Government: Master plan for the future of Van Nuys aviation center to be presented tonight. Lively discussion is expected.
By STEPHANIE STASSEL, Times Staff Writer
City planning officials expect a large crowd
and a lively discussion tonight at a public hearing on the proposed Van Nuys
Airport master plan, which will dictate future development of the nation's
busiest general-aviation facility.
The document, initiated by the Los Angeles City
Council nine years ago, lays out 13 scenarios for using--or not using--113
undeveloped acres at the 73-year-old airport. Public comments will be taken into
consideration before planning officials make recommendations to two area
planning committees, city planner Marc Woersching said.
"What the public preference is will be a
major factor in coming up with my recommendation," he said, adding that he
has "no firm opinion" on the issue. "It will be based on what I
and my department feel is best for the public good." A 6:30 p.m. public workshop, in which officials
from Los Angeles World Airports will answer questions about the master plan,
will be followed by the public hearing at 7:30 at the Airtel Plaza Hotel, 7277
Valjean St., Van Nuys. A room able to hold 500 people has been secured for the
event.
The only other public hearing on the master plan was held in December 1996, when nearby homeowners, business and aviation tenants of the airport commented on the plan and environmental impact report, which detailed scenarios ranging from developing all 113 acres to closing the airport and using the total 730 acres for commercial buildings and homes.
Los Angeles World Airports, formally the city's Department of Airports, released a so-called "compromise alternative" in summer 1997 that favored developing 70 of the 113 acres for aviation and 43 acres for other uses. [Note this document was keep virtually a secret until last week when they begrudgingly made it available in electronic form] A year ago, the staff of Los Angeles World Airports responded to letters from proponents and opponents of the master plan in a report to the city planning department.
After tonight's public hearing, state law requires that the master plan go before the county Airport Land Use Commission, which will recommend one of the 13 suggested scenarios.
In the spring, the plan will go to the South
Valley and North Valley Area Planning Commissions, with a recommendation from
the city's planning department attached.
The Board of Airport Commissioners and the city
Planning Commission will then consider the plan before it goes to the mayor, two
City Council committees, and finally the full council, which probably won't
happen until later this year or in early 2002, according to Woersching. [about
the same time the Valley will vote on creating a new city which will then
control VNY]
Stop the Noise!, a coalition of 28 homeowners
groups, and the Angeles chapter of the Sierra Club are expected to be
represented at tonight's hearing.
Gerald Silver, who heads up the homeowners
coalition, said his group wants a limit of no more than 107 jets and 44
helicopters at the airport, the numbers it held in 1996. In 1999, the most
current year available, there were 128 jets and 65 helicopters at the airport.

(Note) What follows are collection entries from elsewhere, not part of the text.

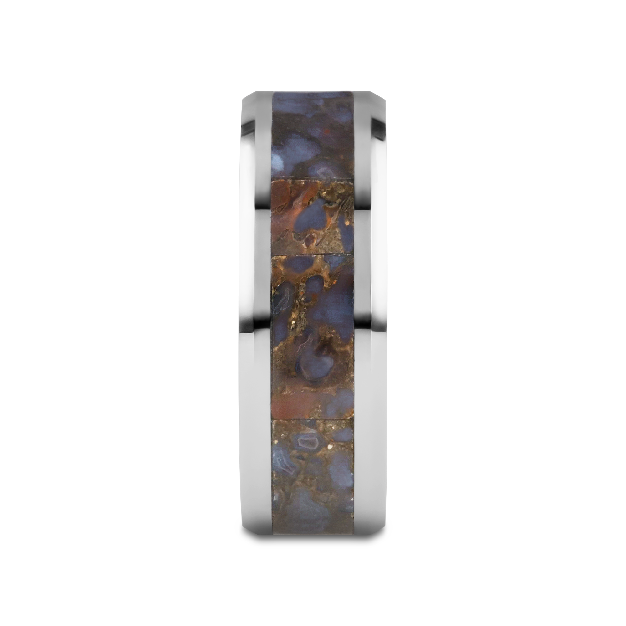 Bague à bords biseautés en carbure de tungstène incrusté d'os de dinosaure bleu DEVONIAN - 4 mm ou 8 mm
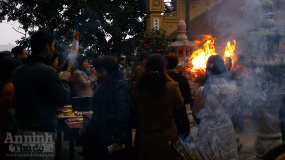 Tối muộn, dòng người đến các đình, đền, chùa khấn lễ vẫn nườm nượp
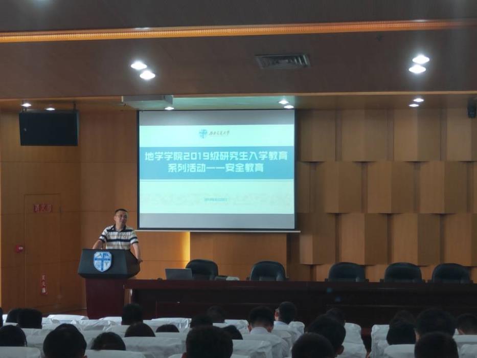 8月23日下午,地学学院于图书馆二号报告厅开展2019级研究生入学安全教育活动。本次活动由地学学院党委副书记傅尤刚主讲,地学学院2019级研究生辅导员崔宇龙主持。
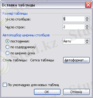Кестені кірістіру батырмасының көмегімен кестені даярлау барысында бағаналар ені олардың саны негізінде автоматты түрде тағайындалады. Ал егер кестені даярлау процесінде бағаналар енін өзіңіз тағайындаңыз келсе, онда Кесте - Кестені кірістіру командасын пайдаланған жөн. Бұл команданың орындалуы нәтижесінде 3-суретте көрсетілгендей “Кестені кірістіру” сұқбат терзесі ашылады да кестенің қажетті параметрлерін өзіңіз тағайындай аласыз.
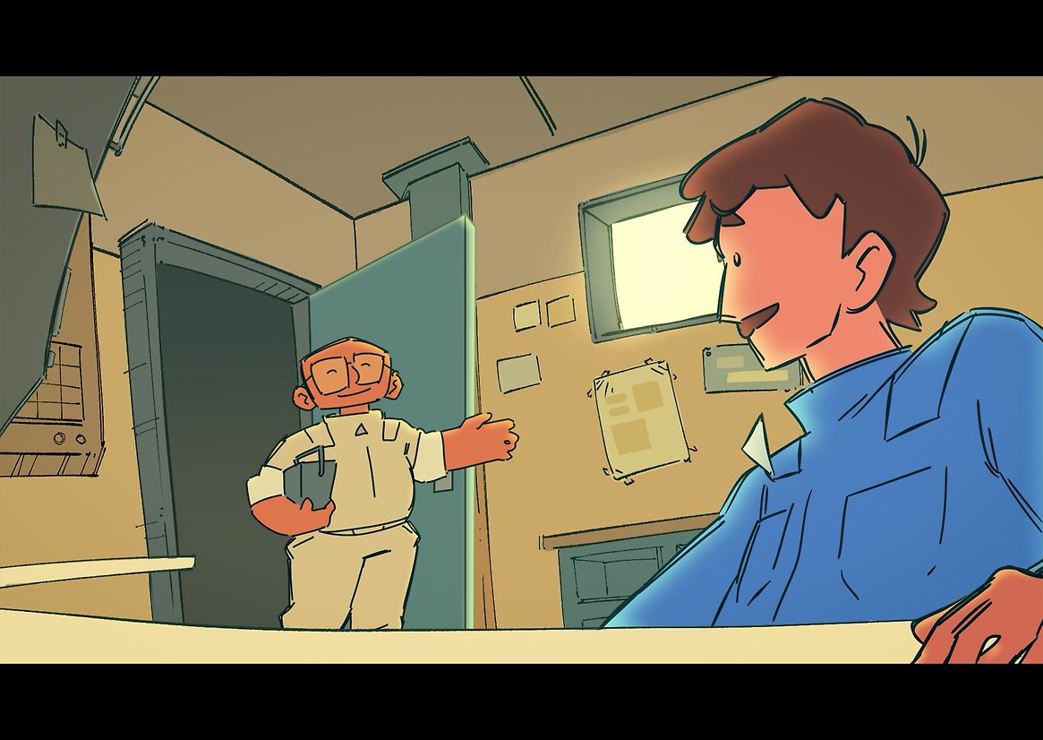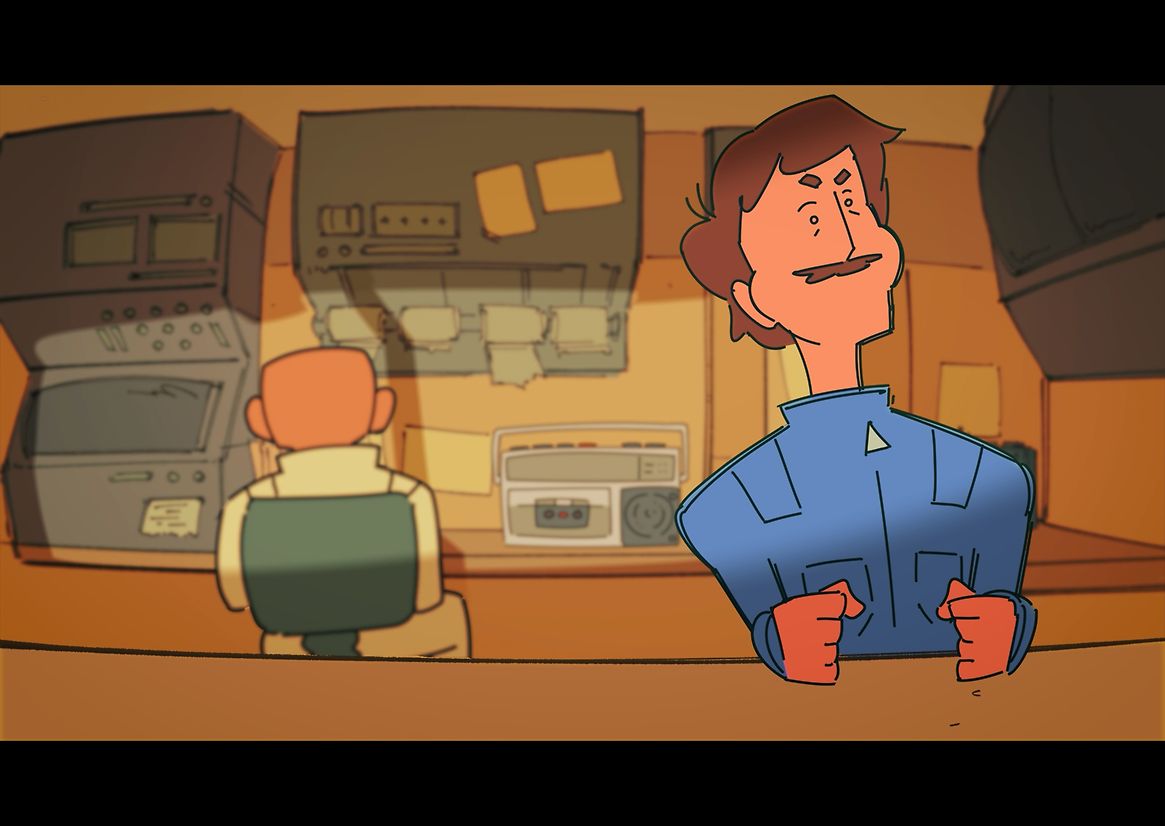 No More Vivaldi is a short 2D animated documentary that retells a true story from the 1980s, when the filmmaker’s father worked on an oil rig in the North Sea. In a cramped research unit, he and his partner John McAdam face long shifts, isolation, and one unexpected challenge: a cassette tape played on repeat until it drives him to the edge.
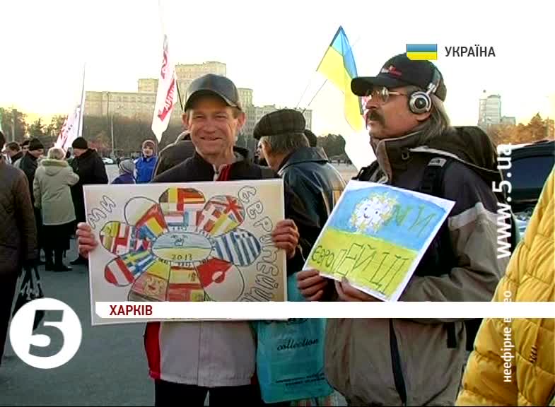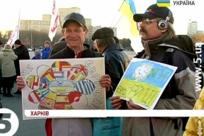 Олена Дюженко, учасниця акції: «Дуже мало часу залишилося до самого саміту, тому ми сьогодні вирішили вийти в Харкові на майдан і підтримати євроінтеграційний курс України. Майбутнє України – тільки в Євросоюзі».
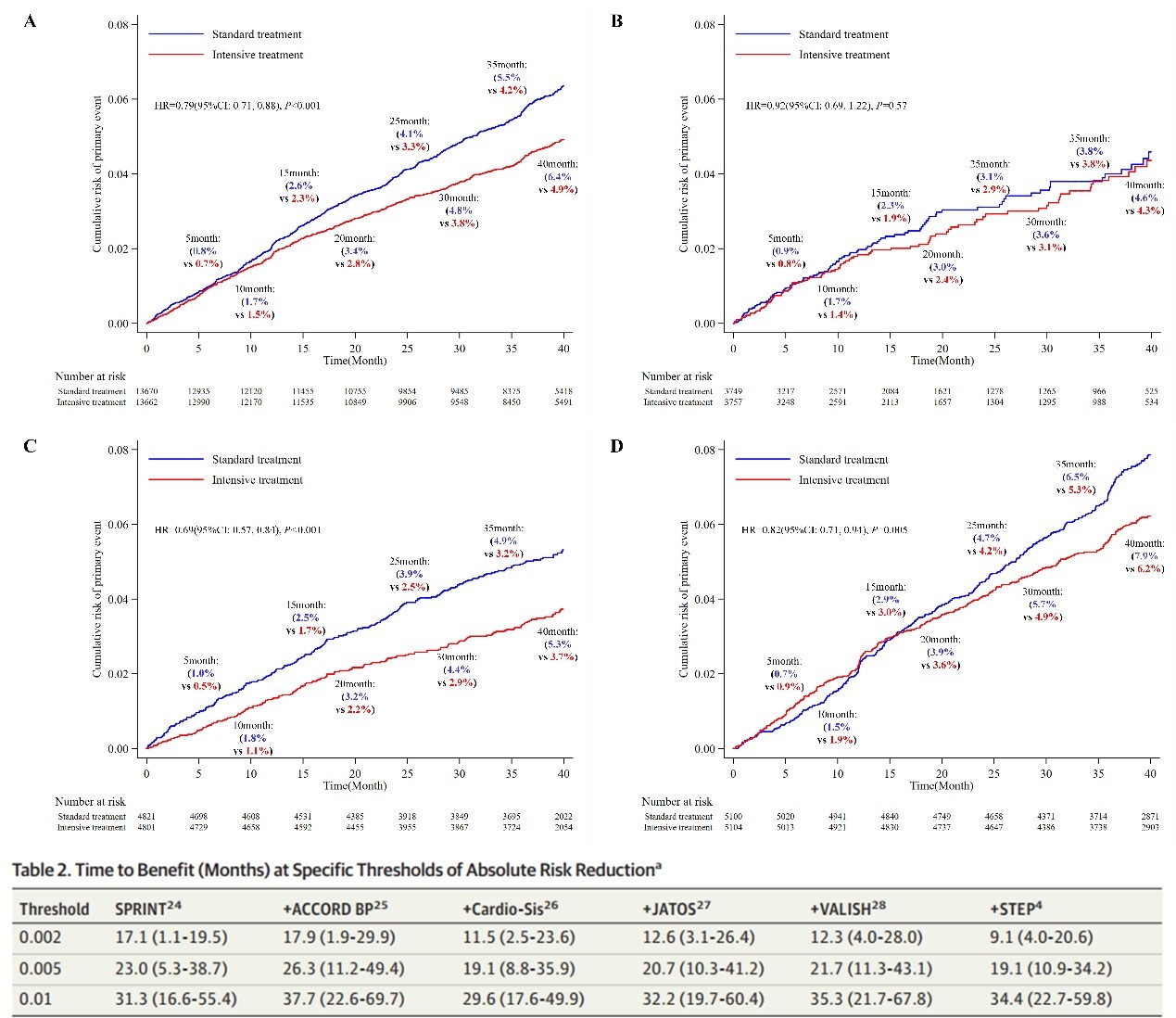 研究通过重构既往相关临床试验的原始数据(共计27414名老年受试对象)并采用Time to Benefit(TTB)指标评价强化血压控制组相比常规血压控制组达到指定差异阈值的时间。结果显示:1、严格血压控制策略的降压目标值为130 mm Hg和120 mm Hg时,相比常规血压控制策略能够显著降低老年人群(>60岁)主要心血管事件及死亡的发生风险;2、严格血压控制策略实施后,每千人中观察减少两例心血管事件及死亡发生(Threshold=0.002)的时间为9.1月。研究结果为指导老年人群强化血压干预的临床实践提供了重要的理论依据。
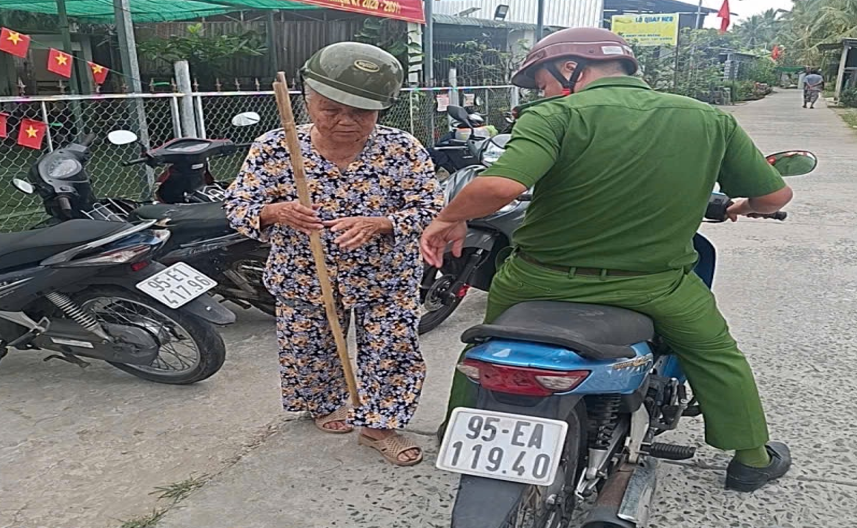 Hình ảnh lực lượng Công an xã hỗ trợ người dân đi bầu cử
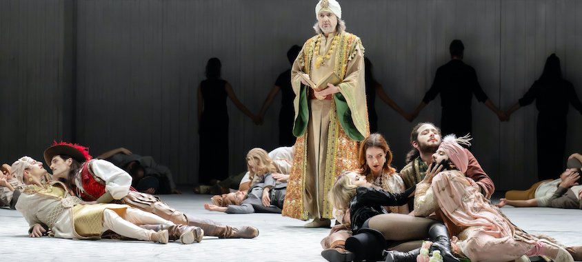 A német rendező munkáiban jól megszokott elegáns, letisztult színpadra Loy tökéletesen élő világot is teremt, a főszereplőktől a kórus tagjaiig maradéktalanul élénk, finoman kidolgozott színészi játékkal, az apró gesztusokkal–interakciókkal plasztikusan felrajzolt érzelmi és viszonyrendszerekkel, Darío és Benamor nemükhöz „méltatlanul” feminin, illetve maszkulin viselkedésének komikusan, már-már karikaturisztikusan elnagyolt, de elképesztően szórakoztató ábrázolásával. Javier Pérez koreográfiája a főszereplőket eltúlzott igények nélkül, de kellően látványosan, ügyesen és ötletesen mozgatja számaikban, a nyolcfős táncos corps pedig a janicsárok balettbe- és kilépőitől a hercegek karakteres csapatain át a II. felvonást záró Danza del fuego kortárs számáig elképesztő energiával, kiválóan teljesít.
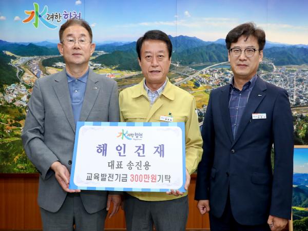 해인건재 송진용 대표는 8일 (사)합천군교육발전위원회(이사장 문준희)를 방문하여 지역 인재 양성을 위해 보탬이 되고 싶다며 교육발전기금 3백만원을 기탁했다.
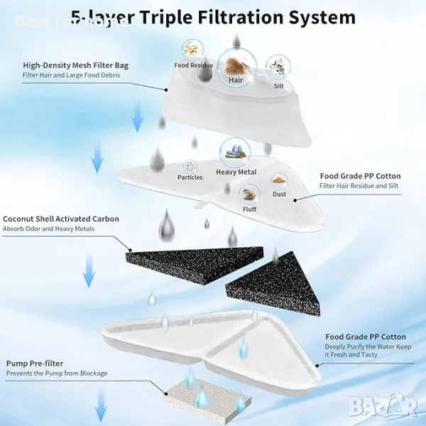 【Тройна филтрация и уникална торбичка с предварителен филтър】Автоматичен воден фонтан за кучета Kastty използва висок клас филтър с активен въглен от черупки на кокосов орех, за да осигури най-силната филтрируемост за улавяне на всичко (коси, тежки метали, дори невидимото) и безопасността при пиене на вашите бебета с козина, тъй като памучният слой PP и въгленът са подходящи за храна. Нещо повече, тази поилка за домашни любимци е с добавена предфилтърна торба, която ефективно събира косми и остатъци от храна за по-чиста вода и по-чист съд.
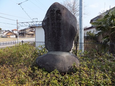 駅舎の脇にはこのような石碑があります。七尾鉄道の敷設に尽力した神野良、堀岡萬吉両氏をたたえるものです。
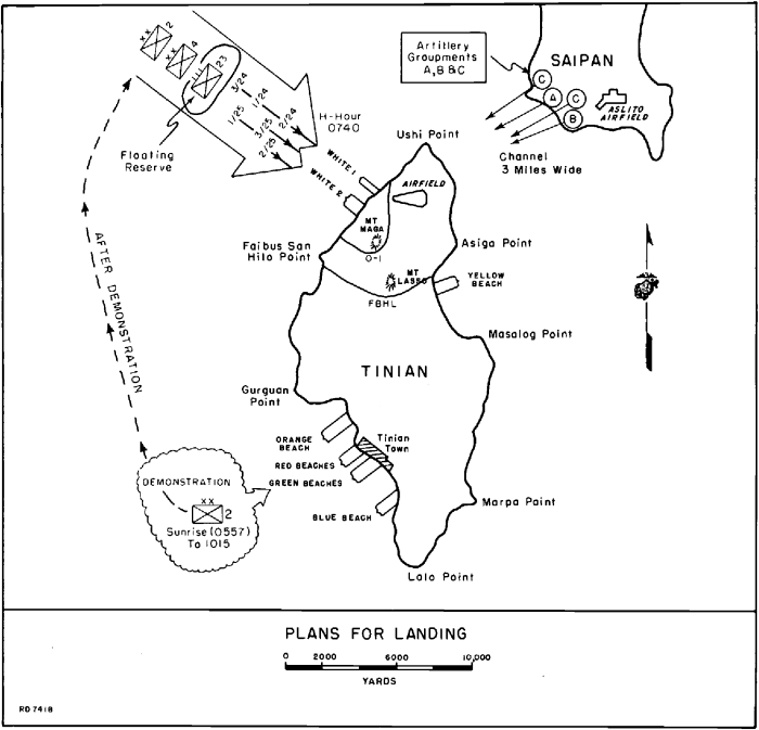 The 4th was designated the assault division for Tinian. The beaches were not wide enough to accommodate battalions landing abreast, much less divisions. Instead, the assault troops would land by columns—squads, platoons, and companies.
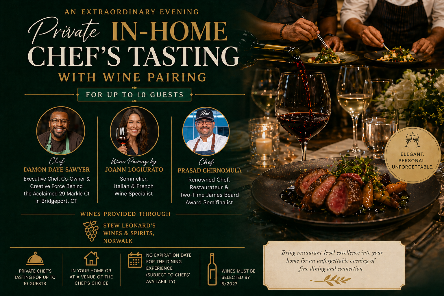 Elegant, intimate, and highly personalized, this experience offers a rare opportunity to bring restaurant-level excellence into a private setting for an unforgettable night of fine dining and connection.
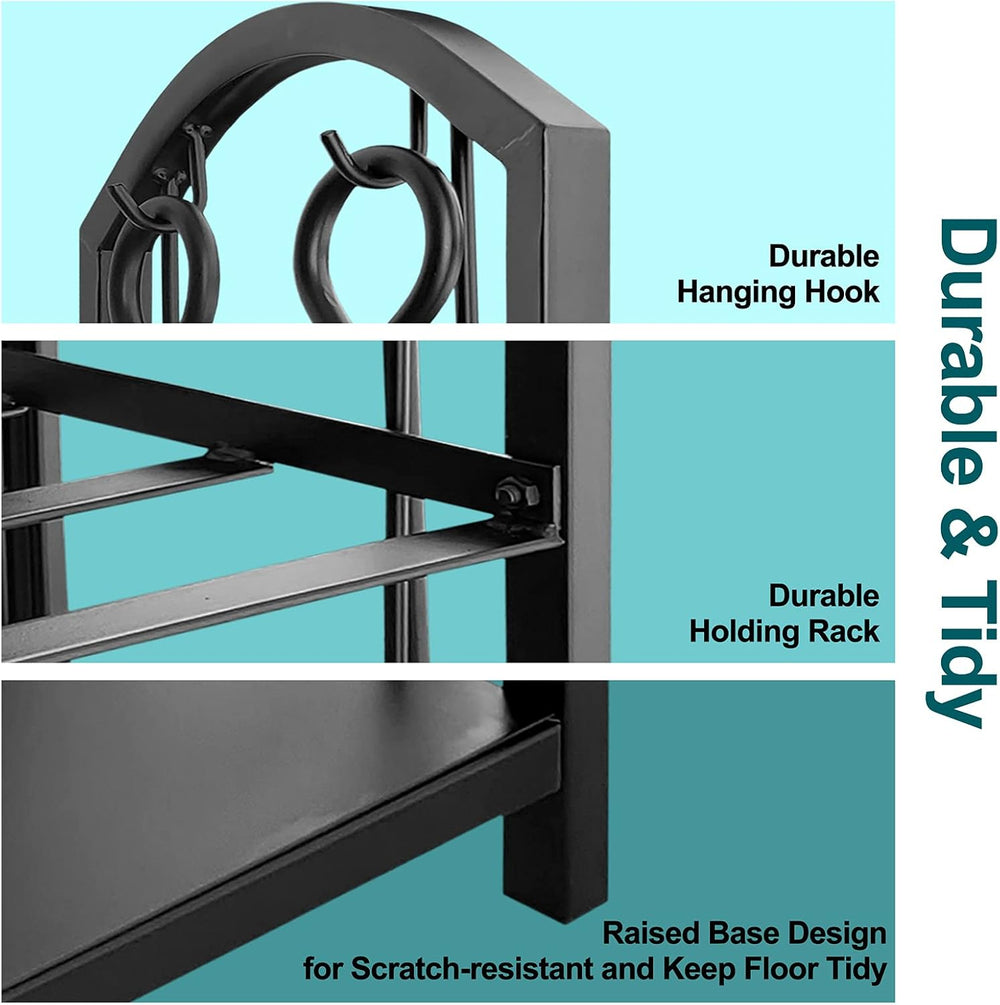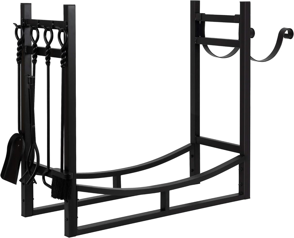 Amagabeli Kaminbesteck Kaminholzständer mit 4 Werkzeugen für Innen Aussen 74 x 40 x 30cm Kaminholzha
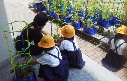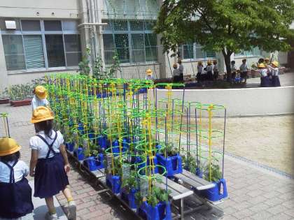 雨の日が続き、じっくり観察ができなかった間に、何やらにょろにょろと長い「つる」が伸びてきました。長いものは、お隣の友だちの植木鉢の方へまで・・・。これではいけないと、子どもたちと話し合いをし、「支柱」を立てることにしました。
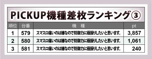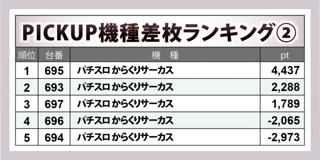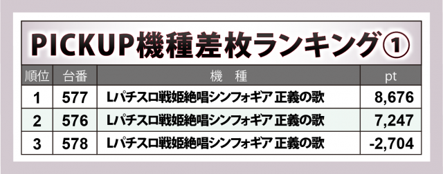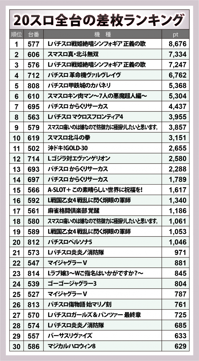 30台のうち20台が4桁のプラスを収め、+2,000枚以上は13台、+3,000枚以上は10台、+4,000枚オーバーは7台、+5,000枚オーバーは6台、+6,000枚オーバーは4台、+7,000枚オーバーは3台、+8,000枚オーバーは1台と、これまでを上回るハイレベルとなった。

Orith Goldberg Staff Writer
The Los Angeles Board of Airport Commissioners plans to discuss today a leasing policy that will include raising rental rates at Van Nuys Airport. The leasing policy would establish the terms and conditions for future leases and for setting rental rates at the fair market value based on independent fee appraisals, said Stacy Geere, spokeswoman for the Van Nuys Airport.
"This is a leasing policy that would apply to all four airports in the Los Angeles World Airports system (LAX, Palmdale, Van Nuys and Ontario. In the case of Van Nuys Airport, rates have not been adjusted for 10 years."
This morning's meeting is scheduled for 9:30 a.m. at Los Angeles International Airport, in the Samuel Greenberg Room at 1 World Way. Some tenants and neighbors of the Van Nuys airport have accused Los Angeles airport officials of trying, with rent hikes, to drive small businesses out of the San Fernando Valley airport. [Approved without change at that meeting]
Administrators for Los Angeles World Airports in January told a commission studying the possible breakup of the city that the Van Nuys Airport's $7.75 million in revenues was not enough to cover its expenses.
At its Feb. 6 meeting, the Van Nuys Airport Citizens Advisory Council complained they had not been given enough time to adequately review the lease policy for the Van Nuys facility.
It's funny, I've lived in this Valley since '73 and every place I've resided in was subject to noise from planes to and from Van Nuys Airport.
My wife and I moved to Tarzana three years ago and have heard the planes and jets but I am already used to it. What I don't like is the low-flying police helicopters that have become a nightly affair.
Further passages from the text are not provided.